7 shows a device by means of which the two movable holding arms 61 and 62, which carry corresponding sensing or recording means at their free end, can be displaced in the direction of the arrow 303 so that they each move into a space between two of the storage disks 31 to 3n, which was caused with a device according to FIG. 5 or 6, can be swiveled in. The two holding arms 61 and 62 are firmly connected to the spindle 304, which is mounted displaceably or rotatably in the two frame parts 305 and 306. The spindle 304 is moved in the direction of the arrow 303 by turning the cam 307. An axial movement of the spindle 304 is effected in such a way that the roller 308 rolls on the cam surface of the cam 307 and the axis 309 moves in the direction of arrow 303 according to this curve. The axle 309 is firmly connected to the bushing 310 on which the axle 304 is supported by the stop 311. The axis 309 slides in a slot of the holding device 312 so that the sleeve 310 and the axis 309 are secured against displacement. The cam disk 307, which is mounted on the axle 313, is rotated by a control device. The control process is controlled by corresponding contacts sliding on the outside of the disk 314. A pivoting movement of the movable arms 61 and 62 takes place by pivoting the crank-like arm 315. The arm 315 is secured on the spindle 304 against radial rotation by a groove and a spring, in such a way that nevertheless an axial displacement of the spindle 304 in the bore of the arm 315 is possible. The pivoting movement is also controlled by a device mentioned above.

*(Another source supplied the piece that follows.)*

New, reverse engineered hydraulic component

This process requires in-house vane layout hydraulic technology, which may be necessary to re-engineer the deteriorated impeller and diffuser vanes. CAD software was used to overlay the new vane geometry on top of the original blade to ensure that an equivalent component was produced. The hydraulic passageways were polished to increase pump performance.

The cam disk 307 is controlled in such a way that the roller 308 rests on one of the surfaces 316, 317 or 318 in the rest state. The position of these surfaces is chosen so that when roller 308 rests on one of them, the holding arms 61 and 62 can be pivoted into corresponding spaces between two adjacent storage disks 31 to 3n.

Claims (10)

PATENT CLAIMS: 1. Arrangement of magnetic disk storage with storage disks arranged on one or more axes, characterized in that the disks are arranged in successive groups on a jointly provided axis, with devices for moving the disks or the recording, sensing and / or erasing devices are provided in order to select a special group and to select a special disc from the group. 2. Arrangement according to claim 1, characterized in that the selection of the group and the selection of a disc in a group, one after the other or at the same time. 3. Arrangement according to Claim 1 or 2, characterized in that the disks in the axial direction are movably arranged on the axis. 4. Arrangement according to Claims 1 and 2, thereby characterized in that devices are provided which allow relative axial displacement cause between disks of a group, and that after separation of the group a relative movement is performed between sensing means and discs. 5. Arrangement according to claim 1 or one of the following, characterized in that the discs of a group have small distances from one another in the idle state and that facilities are provided are selected to be the distance between the recording surface of any Disk of the group and the surface of the adjacent disk facing it for recording to enlarge. 6. Arrangement according to claim 1 or one of the following, characterized in that that devices are provided that the slices again after each sensing process . merge automatically into a group. 7. Arrangement according to claim 1 or one the following, characterized in that the device for separating the groups stacked slices in the middle or at the edge of the slices, or on both Attacks bodies. B. Arrangement according to claim 1 or one of the following, characterized characterized in that the discs are arranged on an axis by spacers or fastening means on the axle are separated from one another. 9. Arrangement according to Claim 1 or one of the following claims, characterized in that the discs are interchangeable are connected to the drive and / or mounting devices. 10. Arrangement according to claim 1 or one of the following, characterized in that the recording surfaces are interchangeably connected to the discs. Considered publications: U.S. Patent No. 2,690,913.